Experimental study on oscillation behavior of rectangular diffusion jet flames in low-pressure environments
摘要
The fuel gas combustion is expanding at high-altitude regions in low-pressure environments with the growing need for energy application and the cross-regional energy allocation. And the flame combustion stability in low-pressure environments would exhibit a significant difference with that in normal pressure. However, the flame oscillation behavior in low-pressure environments is still not fully understood. In this work, the evolution of flame oscillation frequency and flame height at different intermittent levels for rectangular jet flame with different aspect ratios and heat release rate were measured in various low-pressure environments. Results show that the flame oscillation frequency increases with ambient pressure and decreasing aspect ratio of the burner exit, while the heat release rate has no significant effect on the flame oscillation frequency, which could be described by Strouhal number and Froude number with the burner exit perimeter as the characteristic length scale.

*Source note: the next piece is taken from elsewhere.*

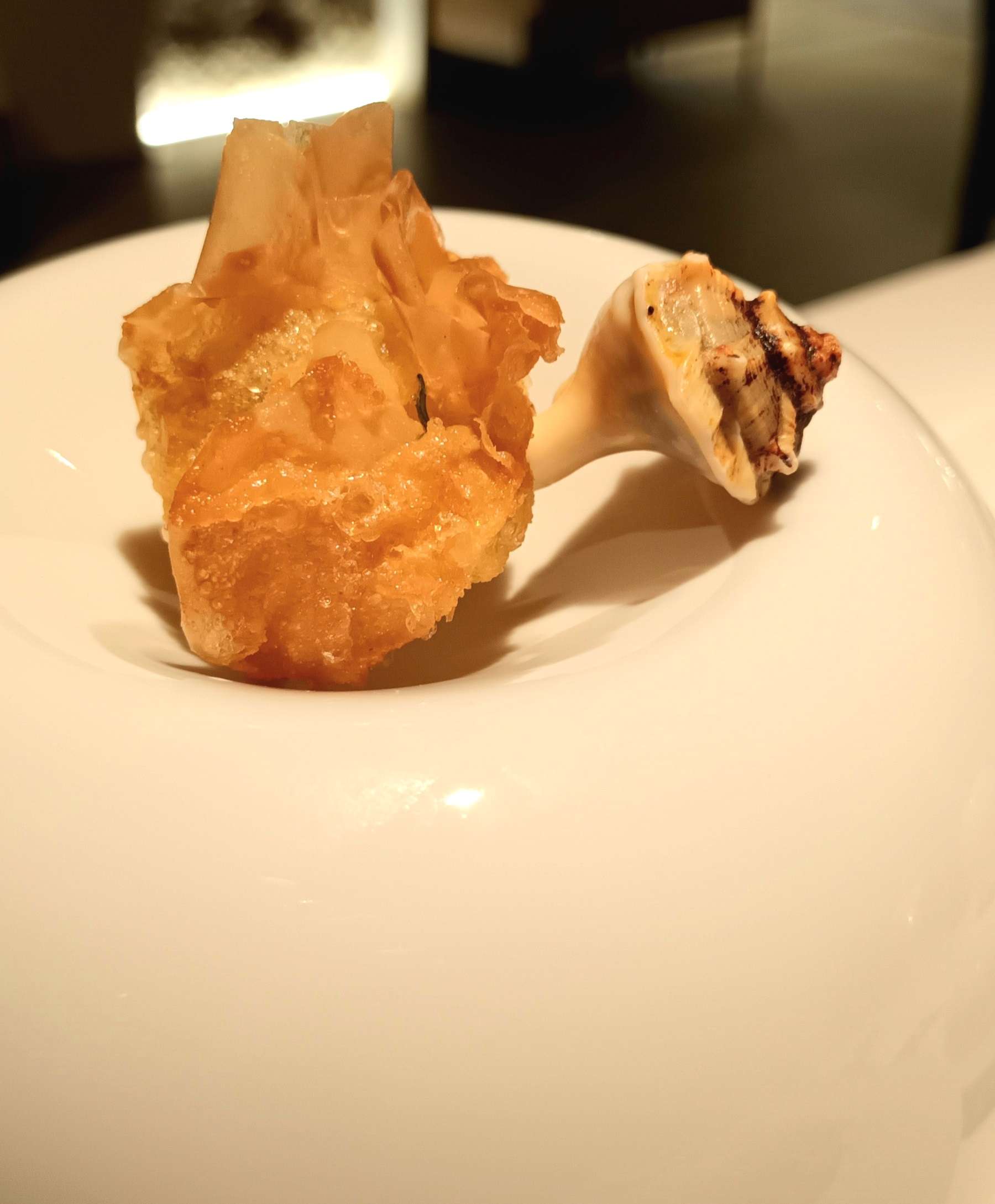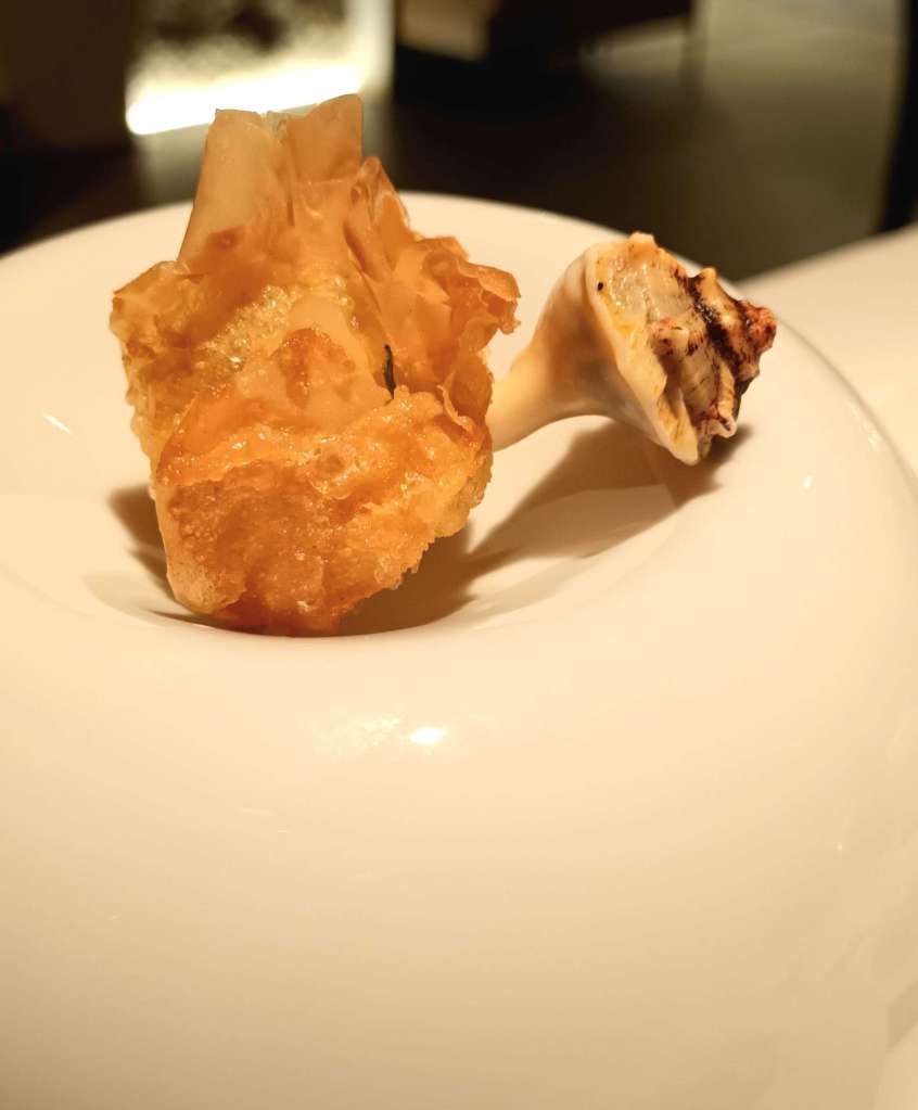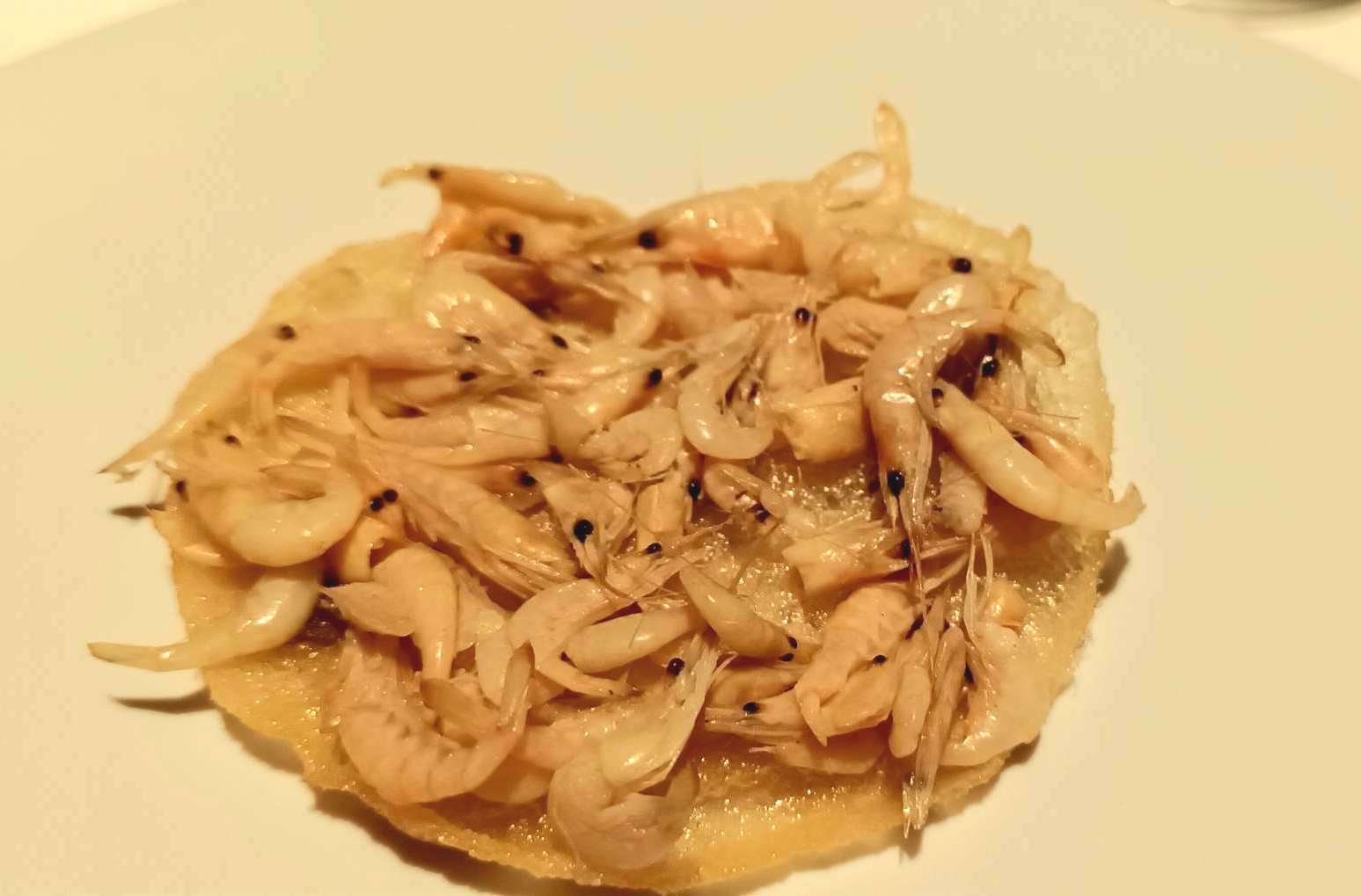 Comenzamos por varios aperitivos. Tortillita de camarones, con los camarones cocidos y sueltos, no fritos e integrados en la masa. Las tortillitas de camarones que creó Leon y se pueden tomar en Contraseña sí son fritas, pero muy originales, en forma de bastones…y riquísimas. Estas del menú son distintas y muy sabrosas, con los camarones muy bien cocidos y sobre una masa crujiente y fina.

Furthermore, the flame oscillation amplitude decreases as ambient pressure decreases and is independent of the aspect ratio of burner exit. And the flame height at different intermittent levels shows a linear relationship with the mean flame height, which can be well quantified based on the Boltzmann distribution model considering relative air entrainment strength in various ambient pressures. Finally, a dimensionless model for the maximum flame oscillation amplitude is derived from the flame height at different intermittent levels with the dimensionless model for mean flame height, which shows a great agreement with experimental data. This paper provides the comprehensive experimental data and prediction model for oscillation characteristics for rectangular diffusion jet flames with low pressures, which is helpful to deep understand the combustion stability behavior under high-altitude regions, as well as crucial to accurate hazard assessment and safety distance determination.